Karen Lissakers of the IMF pointed out that there is a lot we do not know – things like who is drilling off-shore, who has the know-how, who will pay taxes or just disappear. Talking of global rules for investment as advocated by Manfred, she has the answer that we do not really know who invests. Then Chair Sauvant, in a McGloghlin fashion says – It seems Transparency and Accountability and Global Rules are needed.

Price adds that China wants to grandfather things before an agreement – but is not ready to enumerate what. “The best investment is to marry the interests of the investor to make profit with the national needs of the host government.”

Prof. Jeffrey Sachs said that mining companies know how to run mines with competence but not about sustainability. Host governments do not know how to deal with this – they know little about commissions, royalties etc. How do they run the contracts? This results in mistakes and abuses. The contracts are related to high expenses and in the end neither shareholders nor the government see the profits.

Ms. Lissakers said that the IMF advises the government not to go for a contract before they have laws on the books only then you go for bids. South Africa listened; Liberia did not and now they get more and more lawyers. She said that many developing country cases point at having been locked into an agreement that was bad. Sorry – you got locked into a bad 25 year agreement because you had corrupt leaders, bad lawyers, wrong economic conditions … etc. You are stuck.

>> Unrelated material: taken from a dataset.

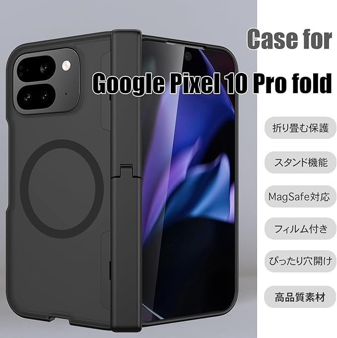 GYOKUYU ケースfor Google Pixel 10 Pro fold[MagSafe対応|ヒンジ付き|フイルム付き|スタンド機能]ブラックマット半透明 グーグル ピクセル10 プロ フォールド マット半透明携帯カバー おしゃれ すべり止め&指紋防止 シンプル 耐衝撃 (ブラック)

Sachs says the Clinton Administration achieved nothing in these areas and Bush just very little and this very little only in the last two years – it is just unfair to spend only 0.17% of the GDP on foreign aid to the developing countries.

Manfred said the US-China are converging and there will be another round of global negotiations.
Multinationals are on the payroll of governments – just like me except they are paid better.

Jeffrey says that a VP for Sustainability is not the same thing as a VP for Sustainable Development. Companies might be interested in Sustainability but cannot really be asked to take over sustainable Development – that is something for governments. A company will deal with toxicity and the environment.
If you open up a large area for farming there will be many problems to be dealt with.

Development has a triple bottom line:

(1) On the social level – you want to understand the effects on the local, national and global communities.

(2) on the eco-system level – like GHG emissions and climate change,

(3) On the economics level – the need of the investors and the transparency to the locals.

A project getting into a country might be the biggest thing they will see for years, but then situations might result like you have a pipeline and no domestic energy beyond coal – and this with the World Bank having been involved.

Prof. Jeffrey Sachs believes that major companies are ready to look into these problems right now.